Most people do not have this experience during the onset of love. They can handle the giddy excitement and pleasurable reward without tipping over into involuntary obsession. Their circuits don’t get stuck in an addictive feedback loop. Quite why limerents are different is a very interesting question, with probably multiple answers. Perhaps some of us have an inbuilt propensity for limerence because of how our brains are built. Perhaps we meet a limerent object who acts as a supernormal stimulus. Perhaps their behaviour, or our behaviour, reinforces the reward signalling so much that it never settles down.
The same principles apply with other behavioural addictions.
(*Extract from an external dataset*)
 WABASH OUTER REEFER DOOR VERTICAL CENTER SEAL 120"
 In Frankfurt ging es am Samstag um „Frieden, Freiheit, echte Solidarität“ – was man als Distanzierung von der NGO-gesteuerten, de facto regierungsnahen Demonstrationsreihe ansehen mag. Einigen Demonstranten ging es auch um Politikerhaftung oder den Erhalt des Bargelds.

It does seem to be the case that certain stimuli for certain people are enough to push the reward and motivation systems into overdrive. The desires for gambling, extreme sports, internet use, sex or shopping can be so powerful that they can become compulsive. Even though the stimuli are “natural” rather than chemical, the circuits get stuck in a hyperactive loop regardless.
Love addiction as euphoria-seeking
In common usage, love addiction describes an obsessive desire to constantly experience the sensations of giddy euphoria when falling in love. It could be described as addiction to the honeymoon phase of relationships. Love addicts seek the tingles of a crush, and the thrills of being swept up in a grand romance – the romantic idea of love being far more appealing than the reality of an actual relationship.
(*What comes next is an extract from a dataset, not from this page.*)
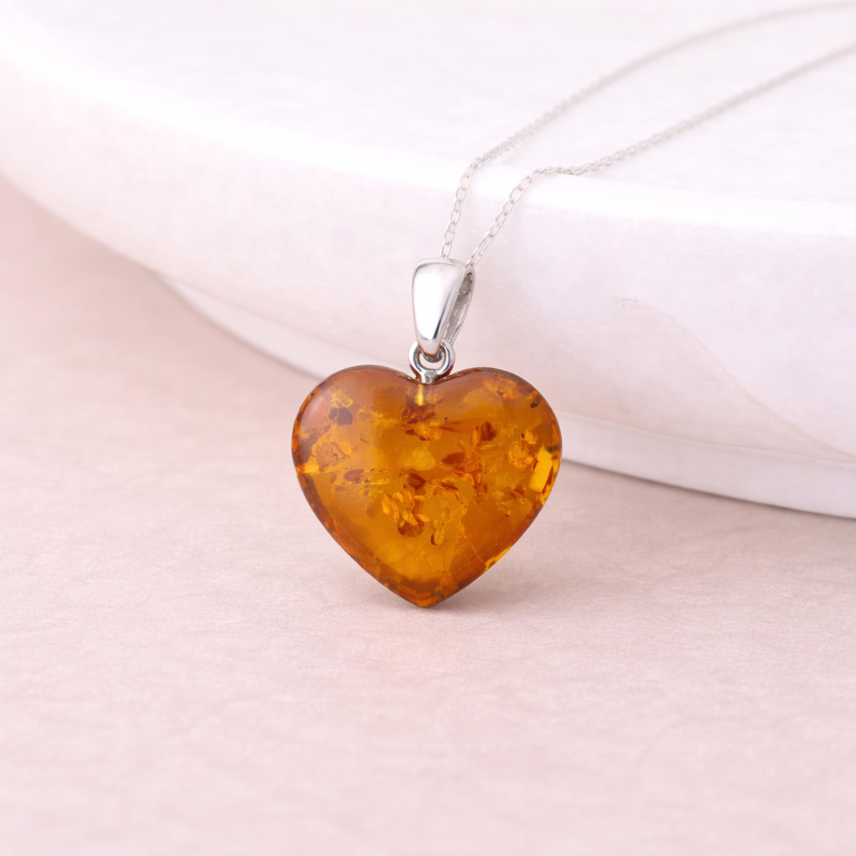 The heart-shaped Baltic amber measures approximately 27mm in height, including the bail, and 20mm in width, with a depth of around 8mm, creating a softly rounded silhouette that feels smooth and comfortable when worn. The amber displays warm honey to deep cognac tones with natural internal textures that shimmer when they catch the light.

Looked at from a neuroscience perspective, love addiction could actually be formulated as addiction to limerence. If limerence is the psychological state of unfettered infatuation, love addiction could be the craving to re-enter that state as often as possible.
It’s getting a bit meta now, but the love addict craves the natural high of early limerence, and is trying to sustain the euphoria for as long as possible. Their focus is on securing a new limerent object as soon as the old limerence begins to fade. If limerence is a rollercoaster ride, love addicts are always looking to jump on a new rollercoaster during the up phase, to avoid having to face the sickening descent.
So, limerence could be a component of love addiction, but the two conditions can also exist independently. Most limerents I hear from are not love addicts, in the sense that they tend to only come upon limerent objects occasionally in their lives, and get completely blindsided by them. But, people who become limerent frequently could well fall into a life of serial limerence that becomes a pattern of behaviour that they can’t escape.
To end on the same point that we began on – part of the difficulty of understanding behavioural addictions is that there are rarely clear boundaries between the conditions different researchers have defined to capture a particular collection of symptoms. This problem of labelling leads to a lot of confusion, but also helps highlight how each individual’s personal history will determine how they are affected by an addictive stimulus.
And that brings us to the last important point. Whatever our individual propensity to experience these phenomena, the outcome for us in our lives depends on how we respond to the relentlessly urgent impulses. When unexpectedly bowled over with euphoria, do we blindly seek more, rationalise why it’s OK to carry on even though we have misgivings, or recognise it as a threat to existing relationships?
We can understand the neuroscience that pushes us into a limerent mental state. We can uncover the childhood experiences that shape our attachment styles and the emotions that we feel during romantic bonding. But we need to understand both those processes and learn how to respond purposefully, if we are to succeed in integrating those parts of ourselves into a healthy whole.
Only then can we embark on a wise and fulfilling future.